At least, the Semitic languages support this, if we
assume that the [q] in Arabic, Aramaic and Hebrew came
from an earlier *k'.
We find *p' in none of those languages except for,
notably, certain dialects of Aramaic, if memory
serves, possibly as a result of the phenomenon of
emphatic spreading seen in that language family when
two emphatics run right next to each other.
According to William Croft in 'Typology and
Universals', there's a set of hierarchies
corresponding to certain classes of plosives; I think
it runs like this:
Voiceless pulmonic: k > t > p
(/p/ is the most common one to drop out of a voiceless
pulmonic stop system; viz. Arabic and Japanese, where
/p/ shifted to /f/ and /h/, respectively)

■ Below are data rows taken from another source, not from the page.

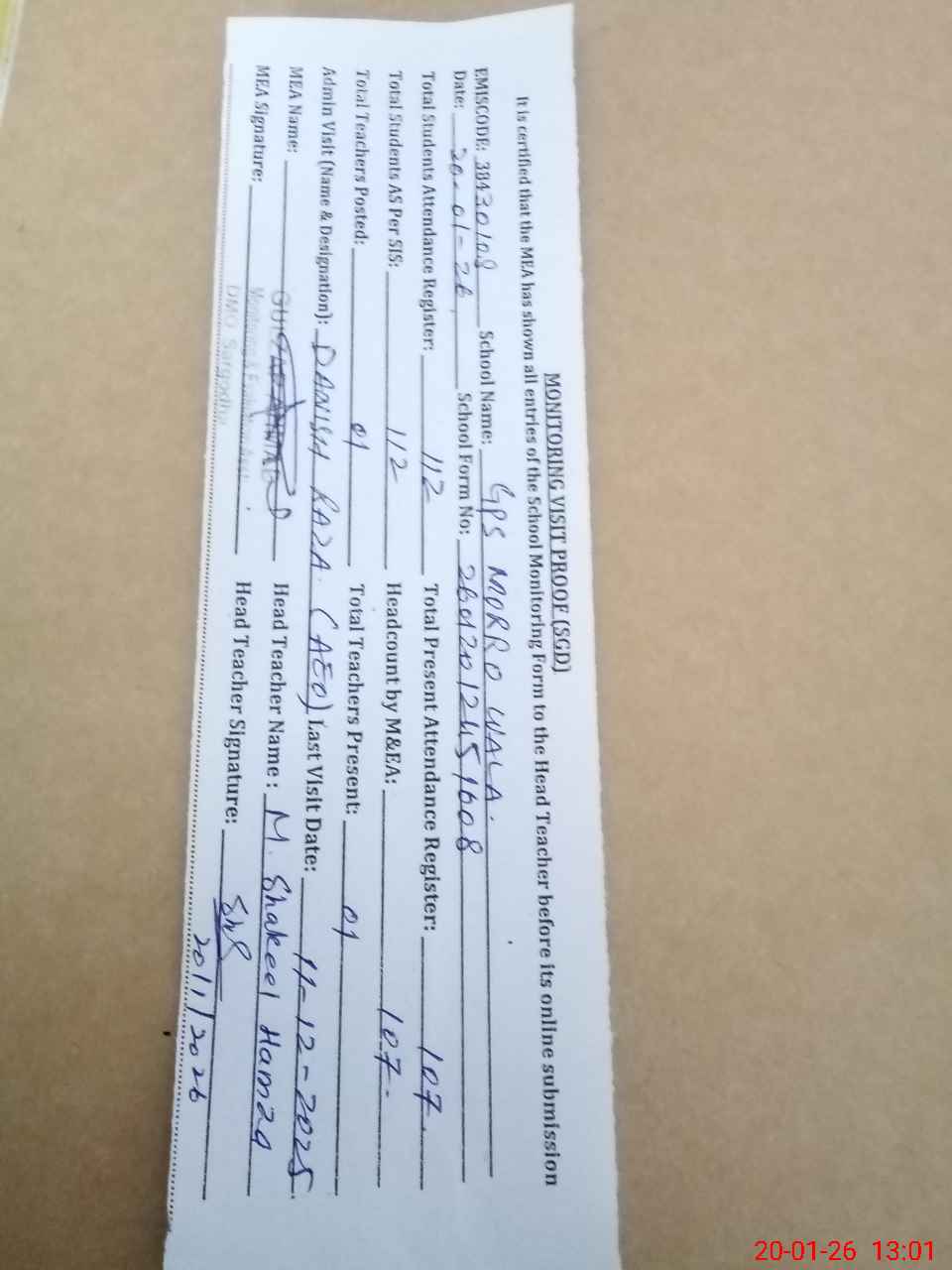 | Attendance Register | Head Teacher | MEA with School | Visit Proof |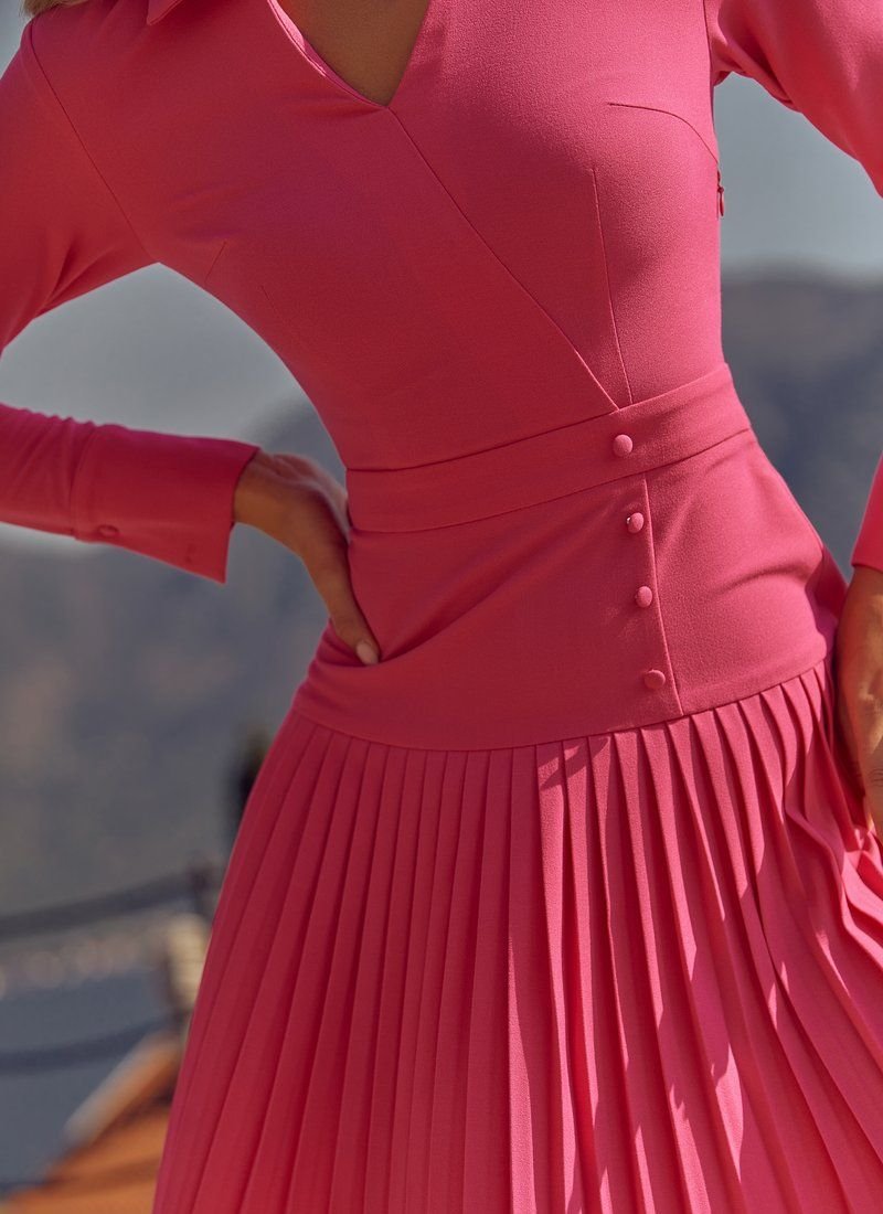 A bright crimson dress made of suit fabric, fitted cut, decorated by Gepur designers with pleating. The product has a V-neck, long sleeves. hidden zipper on the side for convenience.
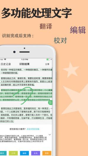 2、多功能处理文字:识别完成后支持翻译、编辑、校对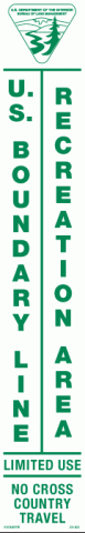 3 X 18 Strip Decal - "US Boundary Line - Recreation Area - Limited Use", BLM Logo, Wht/Grn, Reflective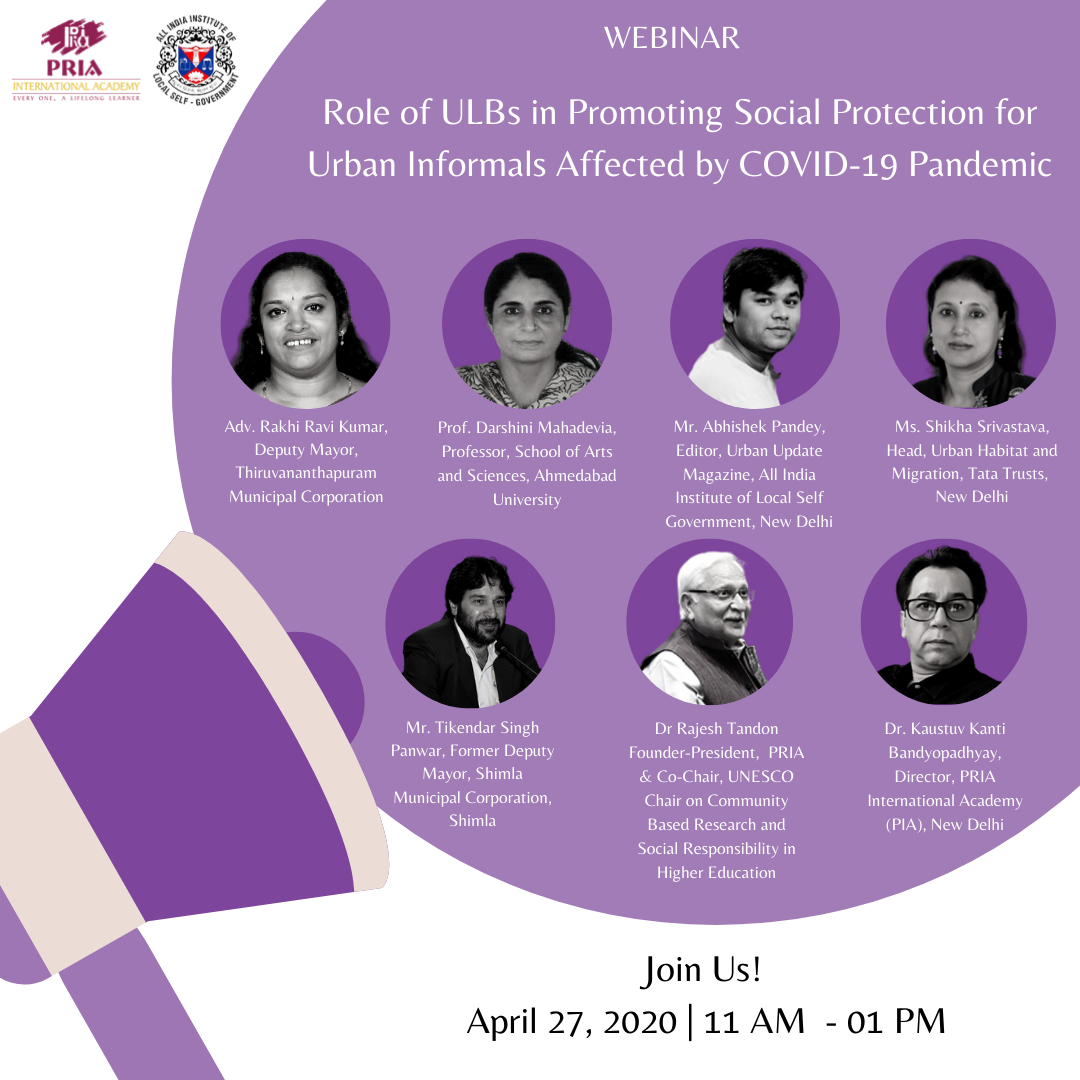 Webinar: Role of ULBs in Promoting Social Protection for Urban Informals Affected by COVID-19 Pandemic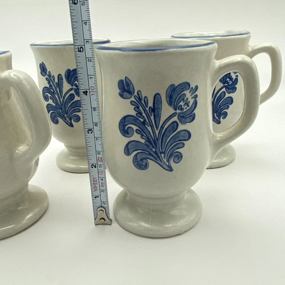 Pfaltzgraff Yorktowne Footed Pedestal Mugs Coffee Cups 5" Stoneware Set of 4 Vtg Set of 4 pedestal footed mugs in very good vintage condition. Light minor scratches from use. One bottom edge has a glaze chip. No crazing detected. See photos for dimensions and details. Ships by USPS Ground Advantage.

Voiced pulmonic: b > d > g
(/g/ is the most common phoneme to drop out of a
voiced pulmonic stop system; viz. Dutch, where /g/
shifted to /x/, mostly)
Glottalized/ejective: k' > t' > p'
(already elucidated this hierarchy with the Semitic
languages)
Implosive: b/ > d/ > g/
(afraid I can't furnish any examples, implosives being
vanishingly rare)
In the conlang I'm working on now, the ejective system
is [t'], [ts'] (evolved from a conflation of [s'],
[ts'], [tS'] and [tK']; as such, it's a very common
phoneme) and [q'] (evolved from [k']).
I'm sure I got the idea from somewhere; I think I'm
semi-consciously taking features from both the Navajo
(= poverty of labial phonemes), Kartvelian (= lotsa
glottals) and Semitic (= ditto) stop systems.